The Obama administration should request a redo by the U.S. Supreme Court, which deadlocked 4-4 Thursday over President Barack Obama's plans to shield from deportation millions of immigrants living illegally in the U.S., say legal experts who support the White House's executive actions.

The federal government has the option of asking the high court to reconsider the case once a ninth justice is appointed to fill the seat of the late Justice Antonin Scalia, said David Leopold, and immigration attorney who is the past president and past general counsel of the American Immigration Lawyers Association, wrote on the online news site Medium after the court's ruling.

“The Obama administration does not have to simply accept the Supreme Court’s failure to rule,” Leopold wrote. “It can — indeed should — immediately file a motion for reargument before the court to take place once a ninth justice is confirmed by the U.S. Senate.
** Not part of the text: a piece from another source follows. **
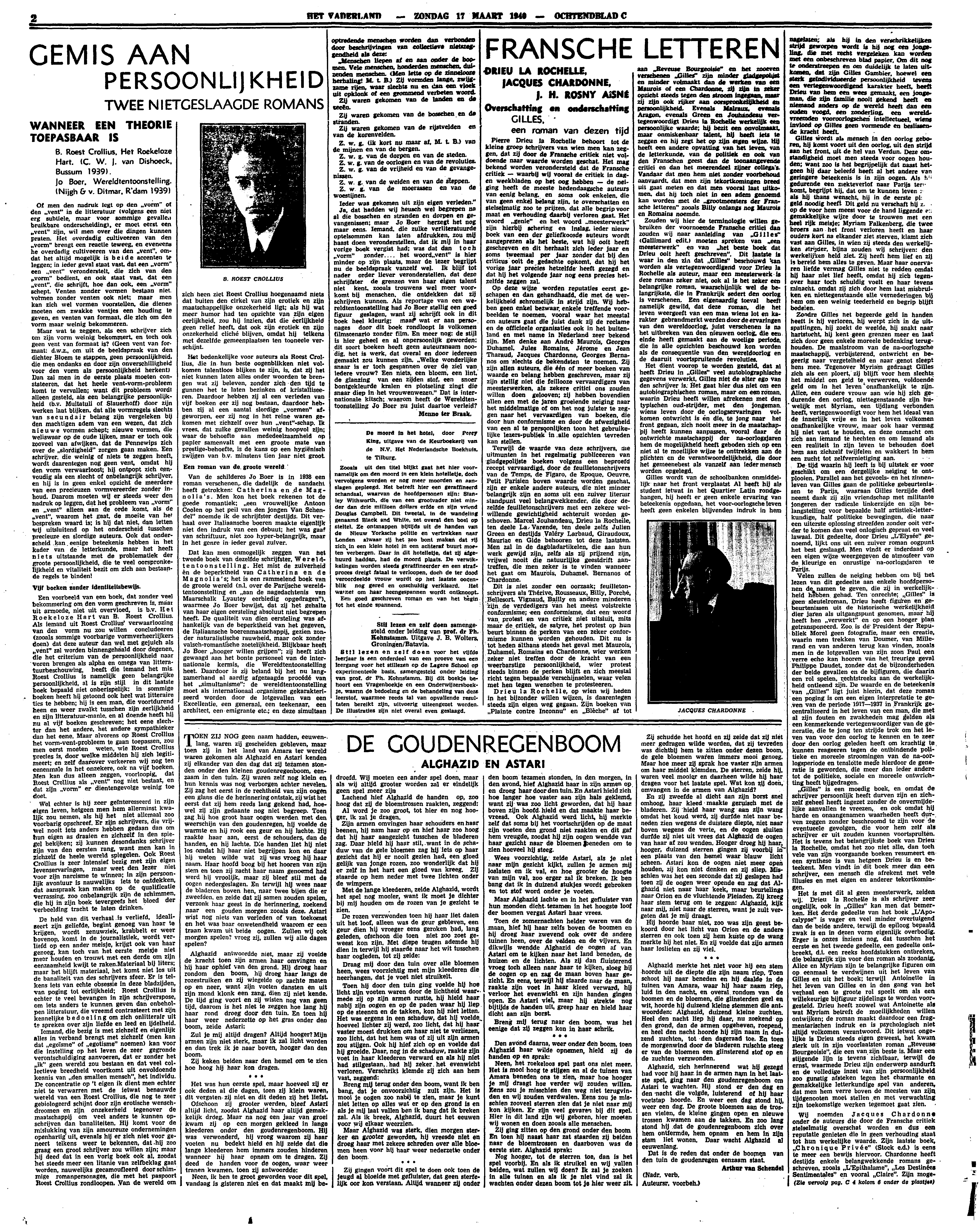 Iemand, die bezig is met zichzelf en eigenlijk alles in verband brengt met zichzelf (men kan dat ‘egoïsme’ of ‘egotisme’ noemen) kan voor die instelling op het leven de zeer gegronde verontschuldiging aanvoeren, dat er zonder het ‘ik’ geen wereld zou bestaan en dat veel collectieve breedheid voortkomt uit onvoldoende kennis van ‘den smallen mensch’, het individu. De concentratie op 't eigen ik dient men echter niet te verwarren met de ietwat benauwde wereld van een Roest Crollius, die nog te zeer gebiologeerd schijnt door zijn erotische wenschdroomen en zijn onzekerheid tegenover de maatschappij om veel anders te kunnen opschrijven dan banaliteiten. Hij komt voor de mislukking van zijn amoureuze ondernemingen openhartig uit, evenals hij er zich niet voor geneert telkens weer te bekennen, dat hij zoo graag een groot schrijver zou willen zijn; maar hij deed dat in een vorig boek ook al, zoodat het steeds meer een litanie van zelfbeklag gaat worden, nauwelijks gecamoufleerd door schimmige romanpersonages, die met het paspoort Roest Crollius rondloopen. Van de wereld om zich heen ziet Roest Crollius hoegenaamd niets dat buiten den cirkel van zijn erotiek en zijn maatschappelijke onzekerheid ligt; als hij wat meer humor had ten opzichte van zijn eigen eerlijkheid, zou hij inzien, dat die eerlijkheid geen relief heeft, dat ook zijn erotiek en zijn onzekerheid cliché blijven, omdat hij telkens met dezelfde gemeenplaatsen ten tooneele verschijnt.

Granted, given the continued obstruction by Senate Republicans, a new justice may not be seated for several months and possibly not until the next President is sworn in.”

President Franklin Roosevelt’s administration successfully asked for two such rehearings during the New Deal, said Walter Dellinger, who served as solicitor general during President Bill Clinton’s administration.

"This battle is not over," Dellinger wrote for Slate Thursday. "The Department of Justice should consider taking a step it has rarely taken: filing a motion asking the court to reconsider the decision and further asking the court to defer acting on the petition until there is a full complement of justices."

A Justice Department spokesman declined to comment.

Led by Texas, 26 states — including Georgia — fought to block Obama's executive actions in court, arguing they amount to an unconstitutional end run around Congress. Georgia Attorney General Sam Olens' office had no immediate comment about whether the federal government should ask for a do-over.

Meanwhile, a local immigrant rights group – the Georgia Latino Alliance for Human Rights – is planning to hold a demonstration across from the state Capitol Monday morning and call for a moratorium on deportations in the wake of the high court's impasse.